In another case, it was the teacher’s initiative that led to a student (Josué) getting his eyes examined and then finally the prescription glasses he needed to be successful in school. If the teacher had not investigated the problem the student was facing, his eye problem could have gone undetected. In advanced grades, the academic adjustment might be harder for immigrant students because the requirements are higher.

Sometimes a little bit of willingness by the teacher to understand a student’s cultural background can lead to better results. For example, a student from Vietnam (Anh) was not used to giving his opinion on certain topics because he was not used to this form of instruction from his home country. If a teacher does not know about this cultural difference, then it could lead to misunderstandings. An openness towards the learner’s culture also contributes to a better rapport between learner and teacher and creates an accepting atmosphere in the classroom. This openness is not always present on the teacher’s side as Rubinstein-Avila and Lee’s examination of secondary school teachers’ attitudes towards English language learners shows (Rubinstein-Avila & Lee, 2014). Among the negative attitudes among secondary teachers towards this group were deficit beliefs that the English language learners are academically inferior and a negative attitude towards diversity (Rubinstein-Avila & Lee, 2014). Negative attitudes also could lead to teachers not seeing a benefit in helping this group of learners.
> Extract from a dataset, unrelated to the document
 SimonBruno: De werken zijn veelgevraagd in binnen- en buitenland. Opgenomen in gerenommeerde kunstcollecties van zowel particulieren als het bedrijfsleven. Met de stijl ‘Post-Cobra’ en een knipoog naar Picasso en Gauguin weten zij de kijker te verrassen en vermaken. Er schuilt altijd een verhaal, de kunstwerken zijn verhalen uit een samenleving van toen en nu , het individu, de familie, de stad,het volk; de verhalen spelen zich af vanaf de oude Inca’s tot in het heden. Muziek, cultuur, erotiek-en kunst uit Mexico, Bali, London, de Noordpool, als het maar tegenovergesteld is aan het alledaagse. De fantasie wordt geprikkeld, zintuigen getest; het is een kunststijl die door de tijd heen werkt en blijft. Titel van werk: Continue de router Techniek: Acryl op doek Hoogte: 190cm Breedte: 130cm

However, if they could see how they could be helped by minor changes in instruction with, for example, visual aids and/or scaffolding by giving simpler definitions of difficult terms, maybe they would be more willing and open to help.
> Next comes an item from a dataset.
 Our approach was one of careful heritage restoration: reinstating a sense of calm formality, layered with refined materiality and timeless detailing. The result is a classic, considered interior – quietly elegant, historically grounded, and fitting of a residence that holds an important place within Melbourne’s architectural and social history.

The positive examples in the book show that it is to the benefit of the English learner if all teachers and counselors work together but also that a little bit of support for the English learner in each class can go a long way as the One-Plus model developed by Nutta (2012) has shown. One of the success stories involves Dibenesha from The Republic of Congo. Her teachers added visual support in the form of clip art which made reading and understanding the text easier for her. The school Dibenesha went to in the United States had teachers using the One-Plus model (Nutta, 2012). One of the strengths of this model is that some additional instructional tools can be included in already present courses for pre-service teachers which prove to be cost efficient and beneficial for immigrant students.
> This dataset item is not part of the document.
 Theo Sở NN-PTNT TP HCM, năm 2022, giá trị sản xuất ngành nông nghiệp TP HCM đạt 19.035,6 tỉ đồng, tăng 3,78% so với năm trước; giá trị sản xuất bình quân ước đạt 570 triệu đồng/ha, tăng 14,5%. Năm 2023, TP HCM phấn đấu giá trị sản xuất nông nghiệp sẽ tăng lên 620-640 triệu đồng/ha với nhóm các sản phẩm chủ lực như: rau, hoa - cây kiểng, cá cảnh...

This book makes a useful and interesting contribution to understanding the cultural and linguistic backgrounds of English language learners. It is well-written, keeps the reader engaged, and fosters empathy for the different life stories of the students. Most importantly, the stories of the English learners in this book will better enable teachers to help immigrant learners in their educational journey. As a result, English Learners at Home and at School: Stories and Strategies is highly recommended to any teacher in the K-12 school system and beyond.


Lavery, R., Nutta, J., & Youngblood, A. (2019). Analyzing student learning gains to evaluate differentiated teacher preparation for fostering English learners’ achievement in linguistically diverse classrooms. Journal of Teacher Education, 70(4), 372–387. 

National Center for Education Statistics (2020a). Nation’s report card: Reading 2020. Washington D.C.: U.S. Department of Education, Institute of Education Sciences. Retrieved from 

National Center for Education Statistics. (2020b). The condition of education 2020, English Language Learners in Public Schools. Washington D.C.: U.S. Department of Education, Institute of Education Sciences. Retrieved from 

Nutta, J. (2021). English learners at home and at school: Stories and strategies. Harvard Education Press. 

Nutta, J., Mokhtari, K., & Strebel, C. (2012). Preparing every teacher to reach English learners: A practical guide for teacher educators. Harvard Education Press.

Rubinstein-Avila, E. & Lee, E. H. (2014). Secondary teachers and English language learners (ELLs): Attitudes, preparation and implications. The Clearing House, A Journal of Educational Strategies, Issues and Ideas, 87(5), 187–191.